Request for Proposal: Grassroots Organization to Supervise Immigrant Organizers

The Virginia Coalition for Immigrant Rights (VACIR) is issuing a request for proposal (RFP) for a grassroots organization to supervise immigrant organizers . This is a eight-month grant of $20,000. The supervising organization will be working closely with the Executive Director of VACIR and four other VACIR organizations  in Prince William County. The selected organization will provide supervision and guidance to two immigrant organizers working in Prince William County, and meet regularly with them to ensure their success.

The organizers will be focusing on immigrant justice work. The Commonwealth laws and local ordinances in Virginia have been among the most anti-immigrant and oppresive in the nation. The focus of the organizers will be to identify immigrant justice supporters and build power within local communities. By achieving policy changes that immigrants themselves identify as priorities.

Requirements

  • The grassroots supervising organization must have at least five years of professional organizing experience.
  • The grassroots supervising organization must have hosted at least three organizing training events before.
  • The organization must be familiar with Voter Activation Network.
  • The organization must be in good standing with Virginia Coalition for Immigrant Rights and the Virginia Civic Engagement Table, by being up to date with their membership dues.
  • organization must show measurable results after nine months of supervising.

 

Application Guidelines

All proposals must be emailed to Monica Sarimento (monica@vacir.org) by September 18, 2019.  Proposals may not be over five pages.

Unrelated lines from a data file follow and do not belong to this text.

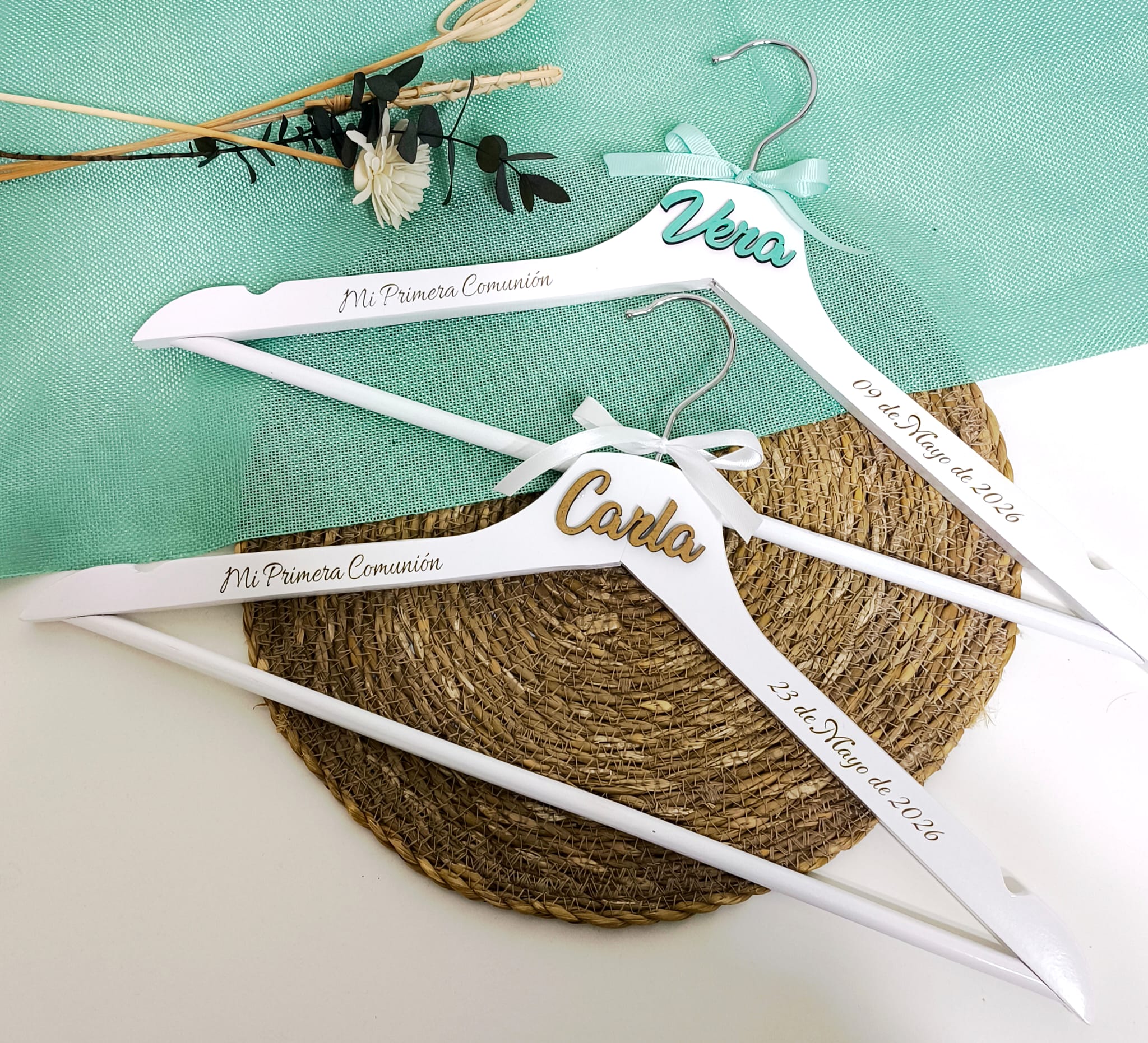 La percha de madera blanca se personaliza con el nombre del niño o la niña en relieve, acompañado de la frase “Mi Primera Comunión” y la fecha del evento. Un lazo delicado aporta ese toque dulce y elegante que luce precioso en las fotos del vestido o traje antes de la ceremonia.
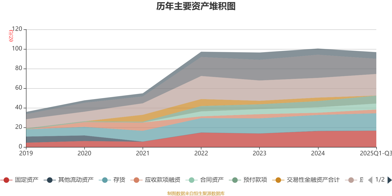 资产重大变化方面,截至2025年三季度末,公司货币资金较上年末减少34.28%,占公司总资产比重下降7.49个百分点;交易性金融资产合计较上年末减少100%,占公司总资产比重下降3.53个百分点;应收票据及应收账款较上年末增加9.81%,占公司总资产比重上升2.8个百分点;预付款项较上年末增加29.01%,占公司总资产比重上升2.13个百分点。
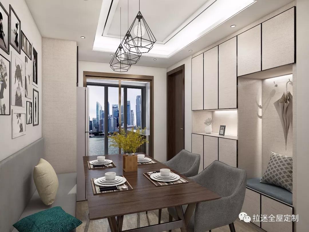 這樣的餐邊柜既可以作為隔斷使用,又具備一定的裝飾性。有收藏紅酒、茶具習(xí)慣的業(yè)主也可以在家使用適當(dāng)?shù)牟瓦吂裼脕?lái)儲(chǔ)藏和展示自己的愛好。
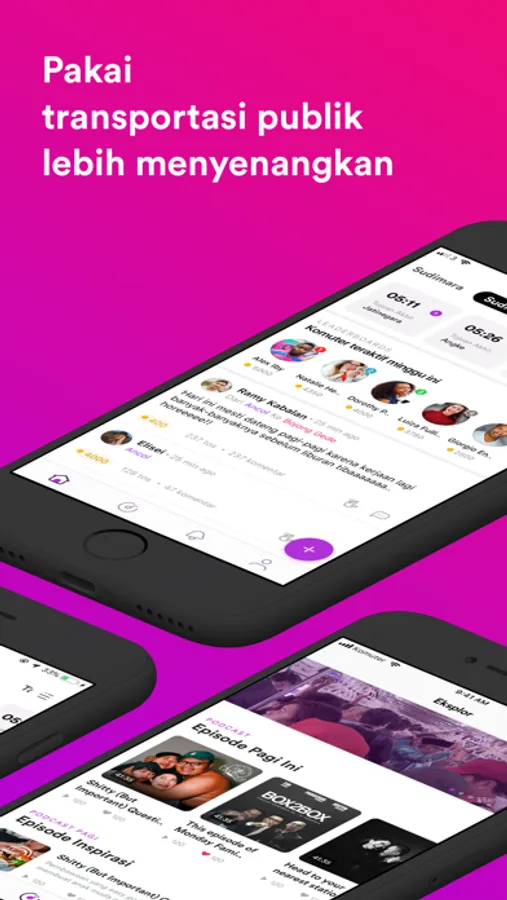 Komuter adalah platform jejaring sosial untuk pengguna transportasi publik seperti CommuterLine, MRT, TransJakarta dan lainnya di Jakarta. Komuter membantu Anda melihat jadwal dan rute perjalanan dengan transportasi publik lebih mudah.
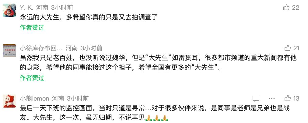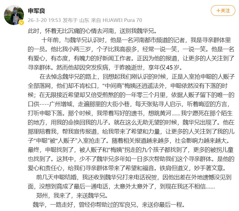 而在3月20日,被“梅姨”拐卖的儿童申聪的父亲申军良,发布了一个缅怀的音尘:十年前,曾在他四处寻子无望无助的时刻,帮他宣传报谈,给以他但愿和力量的河南播送电视台齐市频谈记者魏华,于3月19昼夜深,因突发腹黑疾病灾祸厌世,年仅45岁。
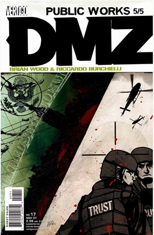 Before we conclude the Public Works storyline let me just say that Brian Wood is now gold to me. I read his excellent Supermarket series and now the Public Works story arc in DMZ and Mr. Wood has shown a consistent ability to create stories that pull me in and never let go. This is a writer I can count on. If I see his name in a comic, it's automatically going to mean a good read to me.
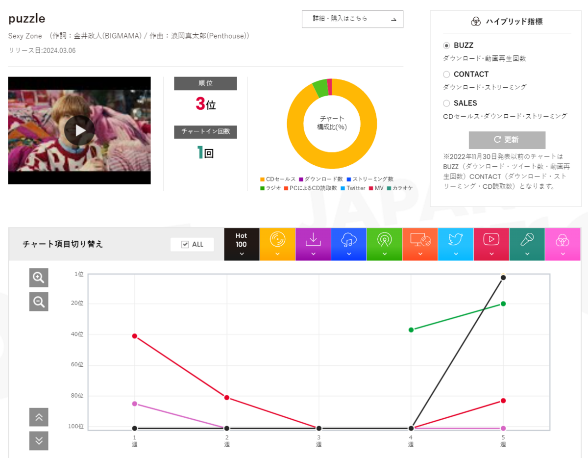 Number_iは今回、フィジカルセールス、そして総合ソングチャートにおいて、Sexy Zone「puzzle」を上回りました。
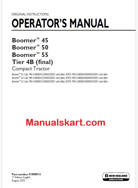 New Holland Boomer 45, Boomer 50, Boomer 55 Compact Tractor Pdf Operator's Manual Tier 4B (final)
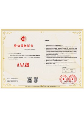 先后通過(guò)ISO9001國(guó)際質(zhì)量體系認(rèn)證、ISO14001國(guó)際環(huán)境體系認(rèn)證、OHSAS18001國(guó)際職業(yè)健康安全體系認(rèn)證及315:9002國(guó)際信用管理體系認(rèn)證、CE認(rèn)證以及取得國(guó)家知識(shí)產(chǎn)權(quán)多項(xiàng)實(shí)用型專利。
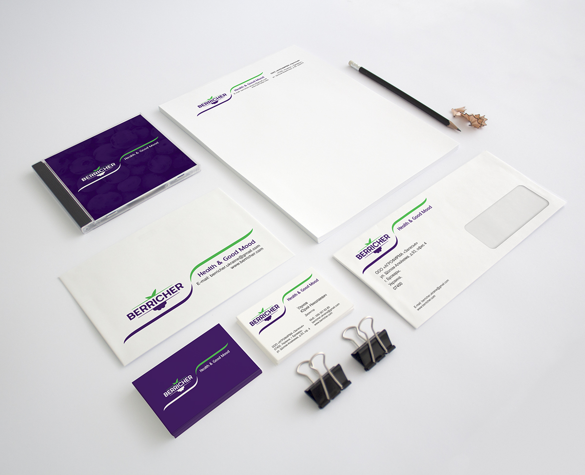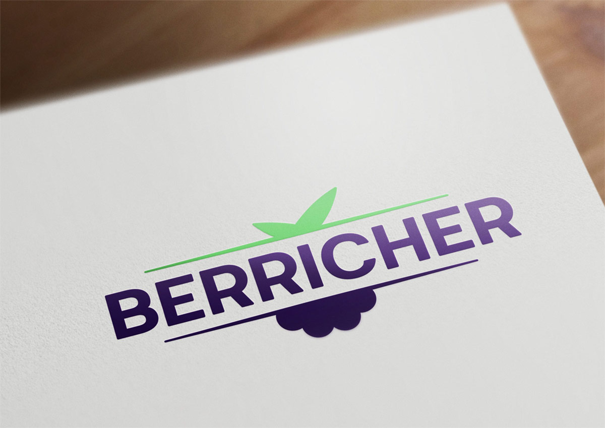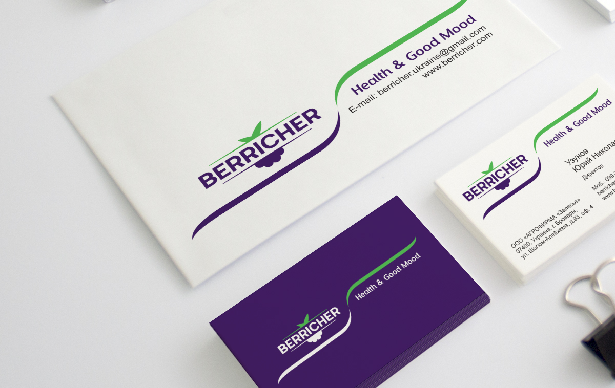 Колірне рішення логотипу виконане з використанням двох кольорів: зеленого та темно-фіолетового. Це поєднання досить рідкісне. Зелений колір відображає натуральну та екологічно чисту продукцію, а фіолетовий – колір ягоди ожини та лохини. Шрифтове написання назви “BERRICHER” у логотипі розроблено дизайнерами нашої студії та адаптовано під загальний стиль бренду.

Complete proposals must include:

  • Proposal narrative
  • Project Timeline (November 1, 2019 – June 30, 2020)
  • Project Budget narrative
  • Project Budget

Evaluation Criteria

General Proposal – Who you are and what you hope to achieve (40%)

Plan & Timeline – Is the proposal well thought out with a plan and measurable results (35%)

Budget narrative – Budget (10%)

Is your organization in good standing with VACIR – (15%)

All funded proposals will be non-partisan, will not promote any political parties or candidates, and will be compatible with IRS 501 C3 status restrictions.

Review, Funding, and Notification Process

All qualified proposals will be considered by a review panel and evaluated on the criteria outlined above. Final decisions on grant recipients will be made and announced in writing by September 30, 2019.

 

Official Rules

Your application must be submitted by September 18, 2019 at 11:59 PM EST to be considered. If you have any questions or inquiries, you can email Monica Sarmiento, a monica@vacir.org.

 

 

 

 

2019/2020 Organizing Grants RFP

The Virginia Coalition for Immigrant Rights (VACIR) seeks a request for proposal (RFP) to support a organizer positions in Prince William County, Virginia. VACIR will award three $15,000 grants.

Commonwealth laws and local ordinances in Virginia have been among the most anti-

immigrant and oppressive in the nation. The goal of this RFP is to organize immigrant justice supporters and build power within local communities. Organizers must work closely with immigrant communities in Prince William County and be attentive to addressing the needs and priorities identified by these communities.

Selected organizations will work with Tenants and Workers United on their campaign to eliminate the 287(g) agreement, and reducing discrimination against students of color in the Prince William County school system.

 

The organizer must serve in Prince William County, but the host organizations may be located anywhere in Northern Virginia. We expect organizing to be flexible and responsive to the needs of the community.

Application Guidelines

 

All proposals must be emailed to Monica Sarimento (monica@vacir.org) by September 18, 2019.  Proposals may not be over five pages.

 

Complete proposals must include:

  • Proposal narrative
  • Project Timeline (grant period runs from November 1, 2019 to July 1, 2020
  • Project Budget narrative
  • Project Budget

 

Evaluation Criteria

Proposal narrative – Who you are and what you hope to achieve (40%)

Plan & Timeline – Is the proposal well thought out with a plan and measurable results (35%)

Budget narrative – Budget (10%)

Is your organization in good standing with VACIR – (15%)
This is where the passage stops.